Если некто стремится понять нечто, он это слушает, пробует на вкус, трогает, разглядывает. Анализирует. Задает вопросы, выясняя все о когнитивном контрагенте. Сам он, пониматель-интеллигент, становится как бы человеком без свойств, кроме зрения, слуха etc, дающих чувственный материал для анализа. Он весь в Другом. Другой для него автоматически оказывается важнее.

Идеальный облик интеллигента образца позапрошлого столетия отвечал именно такому значению: негромкий, внимательный к другим, скорее слушающий, чем говорящий, не выносящий резких суждений, в очочках и мягкой толстовке, с бородкой (потом ее назовут «чеховской», а Чехов как раз — в массовом сознании — такому образу более всех остальных и соответствовал). В литературе XIX–XX веков описания жарких интеллигентских споров о будущем перемежались описаниями тихих одиночек с пристальным взглядом-слухом.

А что у нас сегодня с пониманием и заодно с таким типом личности? Где угодно, хоть в литературе, хоть в экономике?

Слушать, а не говорить? Внимательно относиться к собеседнику? Принимать его позицию как достойную, даже если она не совпадает с нашей?..

Как в старом анекдоте: Шуйского не вижу между тут. Может быть, плохо смотрю — mea culpa.

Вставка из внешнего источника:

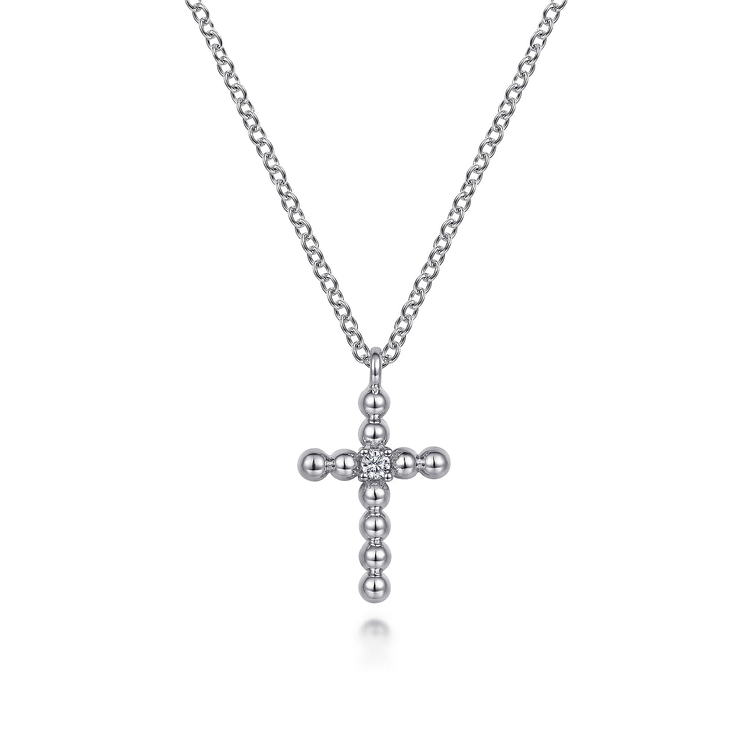 Sterling Silver Bujukan .03cttw Diamond Cross Necklace. This sterling silver necklace measures 17.5 inches in length and features a cross made of sterling silver accented with .03cttw diamonds. Designed by Gabriel & Co.

Где у нас рассадник, пардон, заповедник интеллигенции? В соцсетях, вестимо. Откроем любой диалог на любую тему. Чем заканчивается, всем известно. В какой-то момент кто-то пишет едкий комментарий, и пошло-поехало. Даже жанр такой появился — «срач в интернете» (чужое слово, потому в кавычках). Или еще: не нравится тебе, что человек говорит, — в бан его. Заткнуть. Лишить права высказаться.

Бытовало такое слово «собакей» (у Даля не зафиксировано), и обозначало оно отчаянного, площадного ругателя. Дальний отзвук — в фамилии Собакевич и в глаголе «собачиться». Собакеев множество. Понимателей… даже слова такого нет, чистой воды симулякр.

Н-да, с этимологией не очень выходит. Попробуем с другой стороны, с исторической.

Явление интеллигенции как массовой общественной прослойки в сословном обществе России связано с разночинством и хождением в народ. Оппозиционные дворянству, разночинцы ощущали себя значительно ближе к темному, бесправному, безграмотному народу. Крепостными редко кто из них владел, запятнаны рабовладением не были. И наиболее пассионарная их часть отправилась народ спасать – в сиянии великой задачи.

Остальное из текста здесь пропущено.